- INSTRUCTIONS FOR THE TASK -
Leave the pictures out. Retype exactly the lines below from the one containing "The Nocona Men’s" through the one containing "ベルト部分にチェーンとレザーをMIX使いしたポーチです。", and no others.

- RECORDS SUPPLIED -
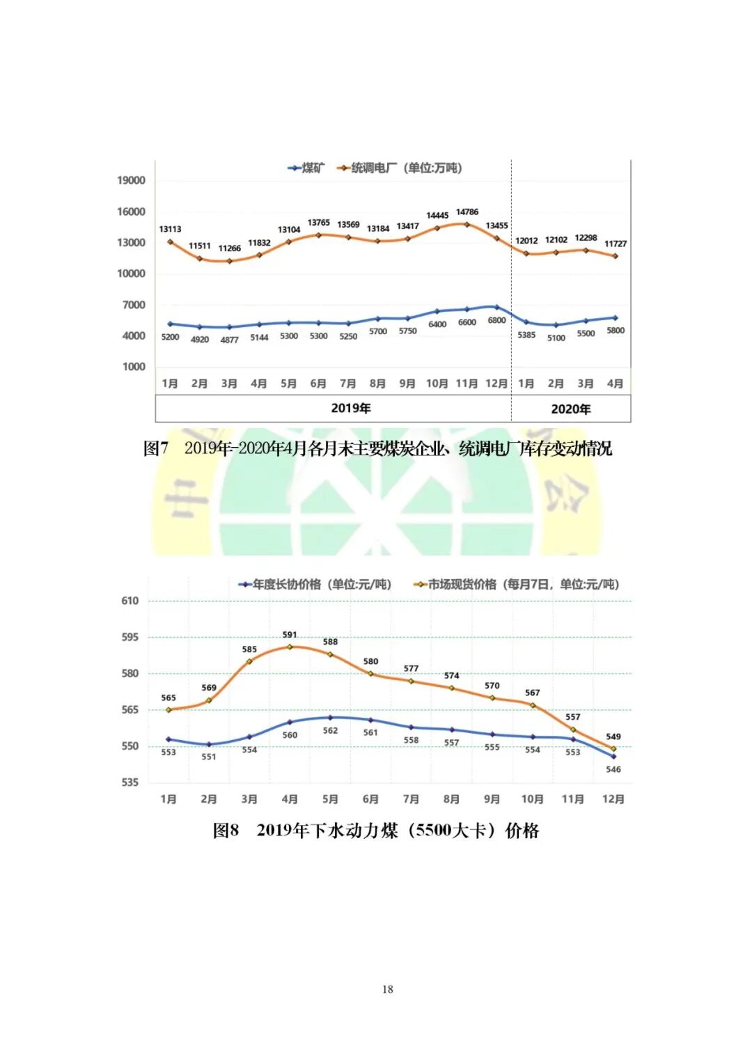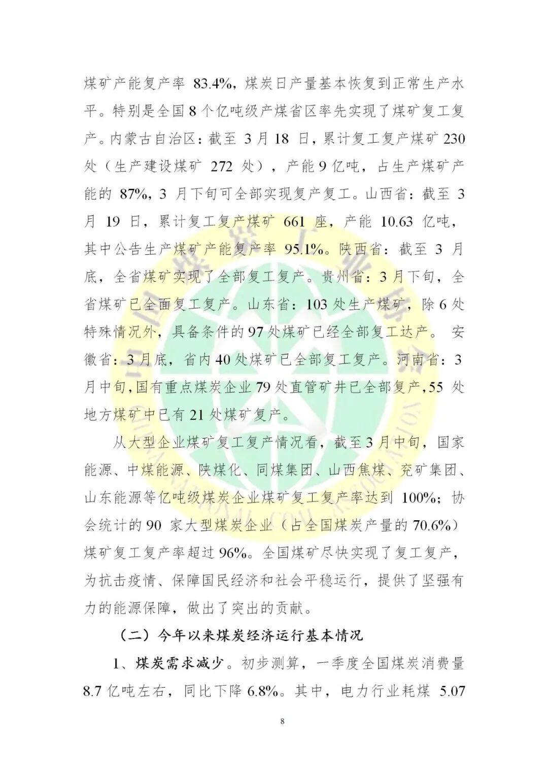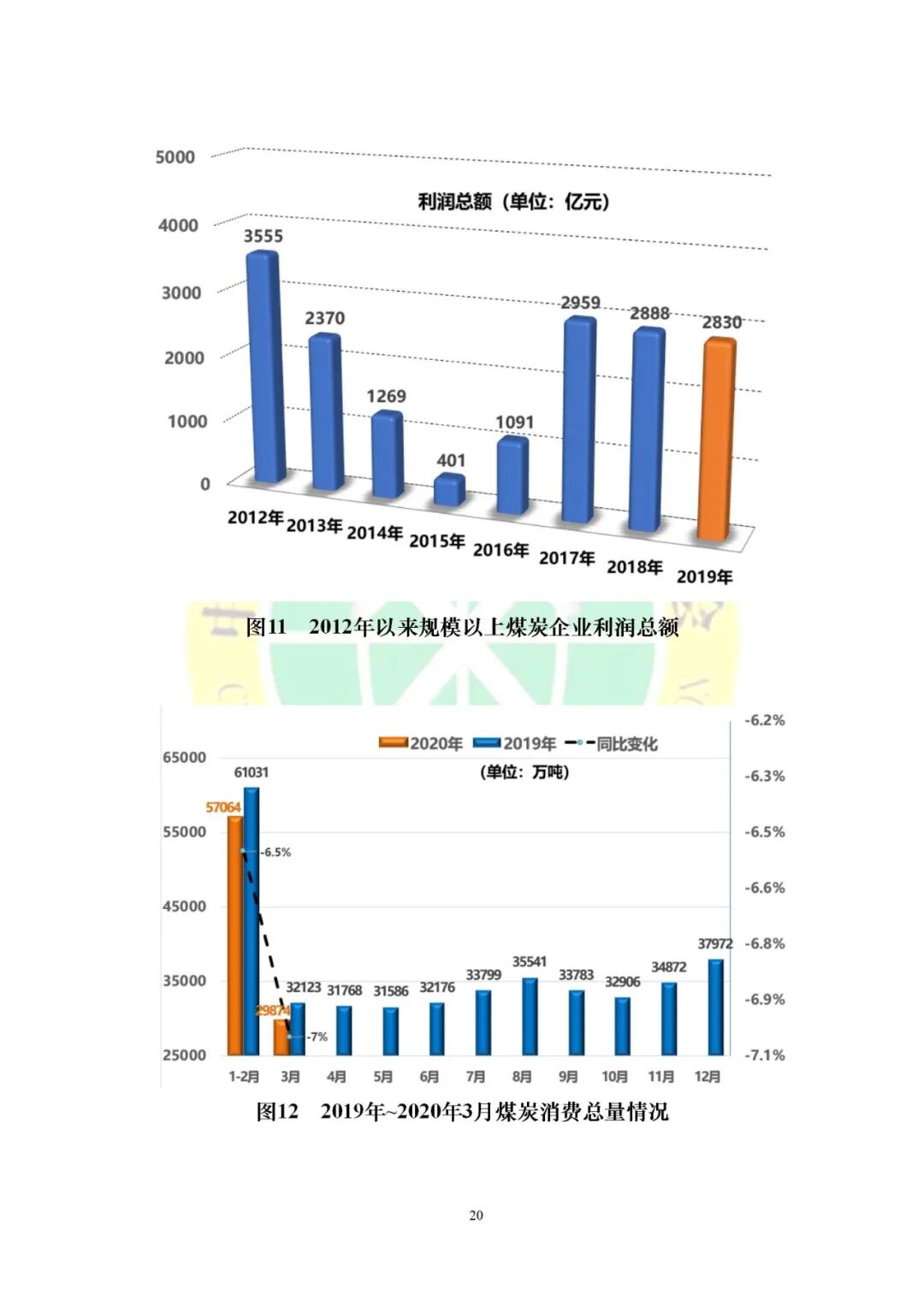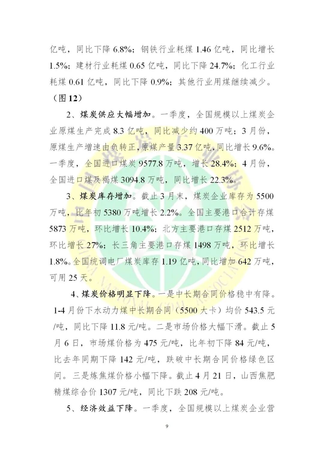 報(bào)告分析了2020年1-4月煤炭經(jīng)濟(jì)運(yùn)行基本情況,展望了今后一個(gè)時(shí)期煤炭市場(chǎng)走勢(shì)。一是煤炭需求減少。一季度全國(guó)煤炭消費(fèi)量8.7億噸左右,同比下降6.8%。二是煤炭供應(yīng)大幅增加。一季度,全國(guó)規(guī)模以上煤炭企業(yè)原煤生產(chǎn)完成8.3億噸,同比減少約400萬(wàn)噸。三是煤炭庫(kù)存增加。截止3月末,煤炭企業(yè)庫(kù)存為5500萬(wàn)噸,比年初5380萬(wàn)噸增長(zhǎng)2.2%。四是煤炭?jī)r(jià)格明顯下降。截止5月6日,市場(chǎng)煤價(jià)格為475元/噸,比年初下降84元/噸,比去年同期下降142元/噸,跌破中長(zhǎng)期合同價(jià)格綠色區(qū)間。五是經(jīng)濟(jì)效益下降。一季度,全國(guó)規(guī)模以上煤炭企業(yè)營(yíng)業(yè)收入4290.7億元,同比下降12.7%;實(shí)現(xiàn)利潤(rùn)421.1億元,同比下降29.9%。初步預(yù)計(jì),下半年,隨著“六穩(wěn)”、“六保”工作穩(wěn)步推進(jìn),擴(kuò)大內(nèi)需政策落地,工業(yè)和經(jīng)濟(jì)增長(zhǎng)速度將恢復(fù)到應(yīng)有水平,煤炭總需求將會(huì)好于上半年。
--
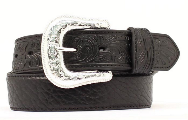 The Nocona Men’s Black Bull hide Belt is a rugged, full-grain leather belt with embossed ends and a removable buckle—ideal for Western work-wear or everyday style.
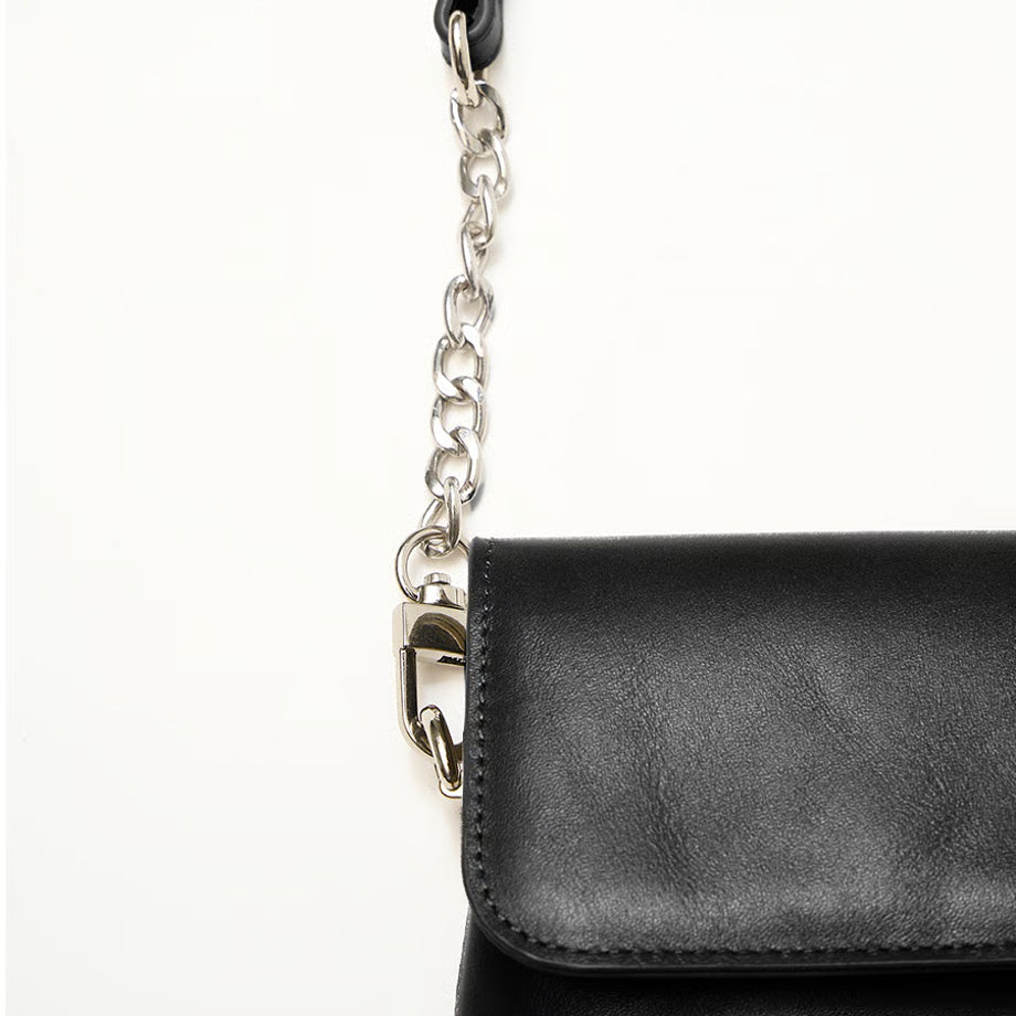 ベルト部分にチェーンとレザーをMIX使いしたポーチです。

- ANSWER SECTION -
 The Nocona Men’s Black Bull hide Belt is a rugged, full-grain leather belt with embossed ends and a removable buckle—ideal for Western work-wear or everyday style.
 ベルト部分にチェーンとレザーをMIX使いしたポーチです。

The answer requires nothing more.